まずは故障の原因究明

入手当時、忙しさからなかなか手を付けられず、だいぶ経ってやっと原因究明に乗り出しました。

KMQ60は有名なOY15型アウトプットトランスの断線がよく伝えられていますので、まず始めにここを調べたところ、案の定レフトチャンネルが断線していました。

アウトプットトランスが断線すると言うことは、50CA10に過大電流が流れた証拠であり、他にも原因がありそうです。

大きな故障はもう1つ、B電圧整流用のシリコンダイオードが1つ破壊しており、ショートしていました。どうも過大電流が流れた結果、シリコンダイオードの破壊やアウトプットトランスの断線に至ったようです。
 

また、目視でも解った不具合はDCバランスの半固定VRが片側に廻しきってあったので、これはおかしいと思いアウトプットトランスとダイオード交換修理後、電流を計ってみるとパワー管の上下バランスが大きく狂っていました。これが大元の原因のようです。

電力容量の小さそうな半固定バリオームが使用されており、ひょっとしてKMQ60は長期使用でDCバランスが狂いやすいのかも知れません。

原因が一通り解ったところで、このまま修理するか迷いましたが、見た目も良くないので、一度完全分解し、サビなどのシャーシーの不具合も全て直し、さらに使いやすくするための変更もすることにして完全修理を目指しました。


● ● ●




↑部分塗装するところだけマスキング。




↑部分塗装したあと。




↑シャーシーの洗浄と塗装完了。




↑スピーカーターミナルはこのように。
  まずは機構的な修理と改造

これから長く使うことを考えると、どうしてもきっちり修理したくなります。

まずは完全に分解し、シャーシーで錆の出ているところはサンドペーパーで完全に落とし、部分的に塗装することにしました。できれば全体塗装をしたいところですが、ラックスのアンプは純黒では無く、微妙に茶色系の黒ですので塗料の色が合わせられません。そこで内側だけ目立たないように塗装しました。

OY15-5アウトプットトランスは片側だけ交換になりますが、その際、ツヤ具合が合わないので両方とも再塗装することにしました。これでツヤ消し具合が同じになります。

オリジナルの出力端子は小さくて廻しにくく、太いケーブルも挟めないので変更することにしました。その際、内側のパネルもアルミ板を切って自作します。これでバナナプラグも対応になりました。

ガリのある入力ボリュームは交換、バイアス電圧調整用半固定ボリュームは微調整のできるポテンショメータに変更、DCバランス用の半固定ボリュームもRV24型のボリュームに変更し、耐電力アップと微調整ができるようにしました。


● ● ●


回路の変更

新品を買ったわけではないのでアセンブリマニュアルなど無く、回路図は30年以上前に買ったラックスキット回路図集を頼りに検証したところ、どうも使用パーツどころか回路も違うようです。

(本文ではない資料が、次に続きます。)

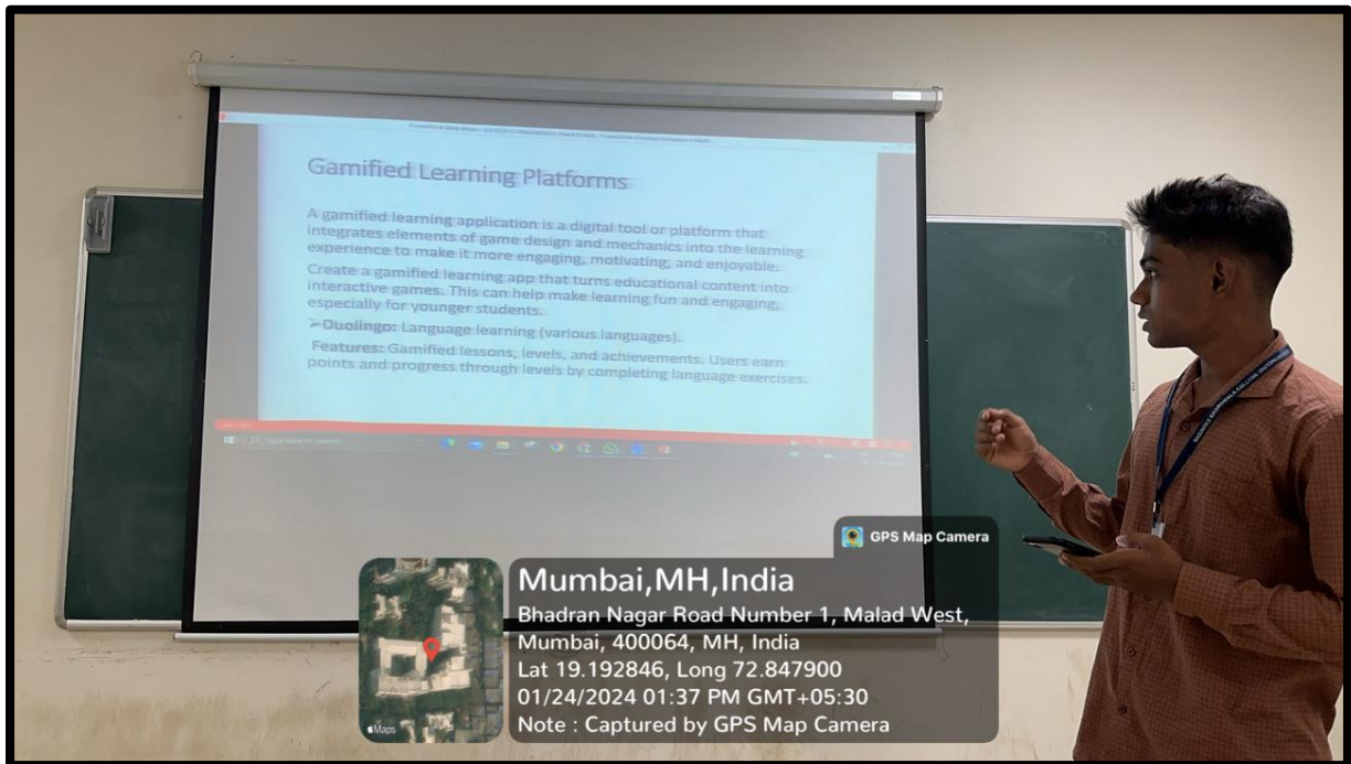
Participant passionately demonstrating an innovative tool

そこで解ったのはKMQ60は何度かマイナーチェンジされているようで、回路や部品が変更になっているようでした。

このKMQ60は初期のもののようで、フロント銘板が見慣れたLUXKITではなく、LUXMANになっています。

回路的には、パワー管の50CA10に許容範囲内でなるべく高圧を掛けて出力を絞り出すようになっており、これが音は良いが故障しやすい原因になっているようです。

簡単な修理で各部電圧を測ったところ、規格いっぱいの電圧が掛かっており、コンセント電圧が多少高めに出ると規格を超えることもありました。

そこで50CA10のプレート電圧が下がるよう、初期モデルの電源トランスP1590を偶然持っていたS-1791に変更し、それと共にチョークコイルも4605からC-1744に変更して後期モデルと同じ電源仕様にすることにしました。


回路図

検証した結果。後期型の回路図に赤で前期型の訂正を入れてある。レストアした最終回路では無いのでお間違いのないように。


その他細かいところ

後期型のKMQ60は前期型には無いところがいくつもあり、煮詰めていった感じが伺えます。

ウィリアムソンタイプの特徴であるNFBはMLF(マルチループフィードバック)になっており、細かい位相補正をしたようです。但しこれは個々の部品の特性で変わると思いますので、実測してみて採用することにし、実際にはほとんど効果が出なかったためメジャーループのNFBだけにしました。

後期型の電源回路の1次側にはスパークキラーとノイズキラーが追加されており、これは迷わず採用しました。
 

通常ムラード型位相反転では上下球のゲインアンバランスを吸収するため、プレート負荷抵抗を若干違う数値にしますが、KMQ60では同じ値になっています。これは歪率を見てやはり若干変更することにしました。

なるべくオリジナルのままにしようと思ったのですが、DCバランス調整中にどうもふらつくので50CA10が原因かと思いきや、カップリングコンデンサーの漏れ電流が影響していたことが解り、オイルコンからシズキのポリエステルフィルムコンデンサーに変更しました。

その他、ケミコンや配線材なども色々交換しました。


レストア前の内部

レストア前の内部。但し不良ダイオードは外してある。


レストア後の内部

レストア後の内部。部品配置もだいぶ変えた。